Advanced Hadoop
We’ll cover extending Hadoop via custom input/output formats, how to implement the most common Big Data processing patterns using Hadoop, cluster performance monitoring & tuning, and best practices for testing Hadoop workflows.
Who Should Attend?
Java developers who want to learn more about how best to use Hadoop to solve real-world data processing problems.
Prerequisites
This course assumes basic knowledge of Hadoop. We recommend completing our Introduction to Hadoop course, or equivalent hands-on experience. Relevant work experience is also highly valuable, as students who arrive with real-world problems in hand will benefit from the instructor’s input on their specific issues.
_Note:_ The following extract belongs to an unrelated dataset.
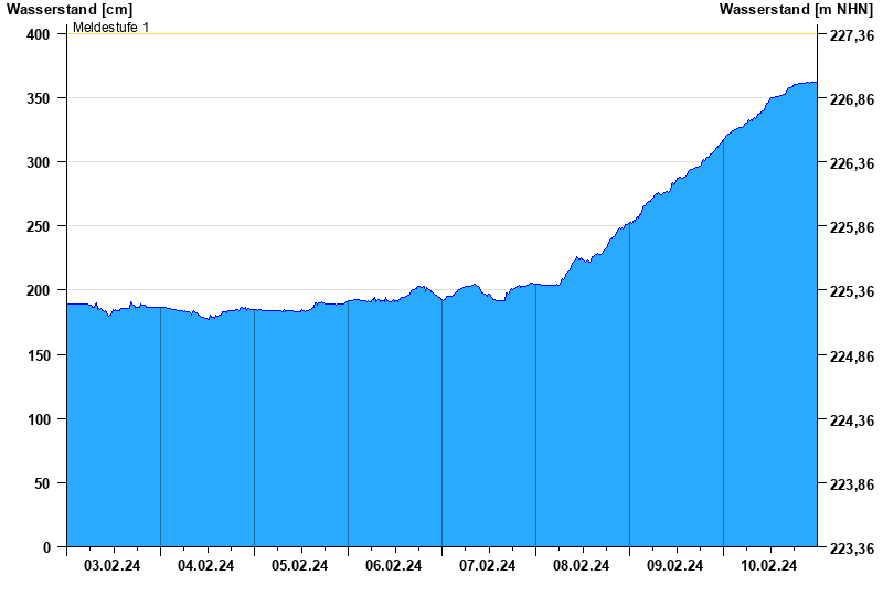 Ausgabe von Abflusswerten wegen Stauregelung erst ab W = 160 cm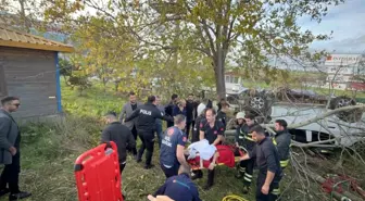 TEKİRDAĞ'DA FECİ KAZA: KARI KOCA TAKLA ATAN ARAÇTAN SAĞ SALİM ÇIKARILDI

Participants should be comfortable reading and writing Java code; familiarity with Bash will help.
Outline
- Extending Hadoop – Custom partitioning, comparators, and input/output formats
- Extending Hadoop Lab – Reading & processing a custom data format
- Common Patterns – Filtering, sorting, binning and joining data sets
- Common Patterns Lab – Implement a workflow that filters, sorts, and joins data
- Monitoring – Best practices for making sure your jobs are running properly
- Testing – How to write unit & integration tests to validate Hadoop workflows
- Optimizations – Common causes of performance problems and how to fix them
- Optimization Lab – Dramatically improve the performance of a typical workflow
- Summary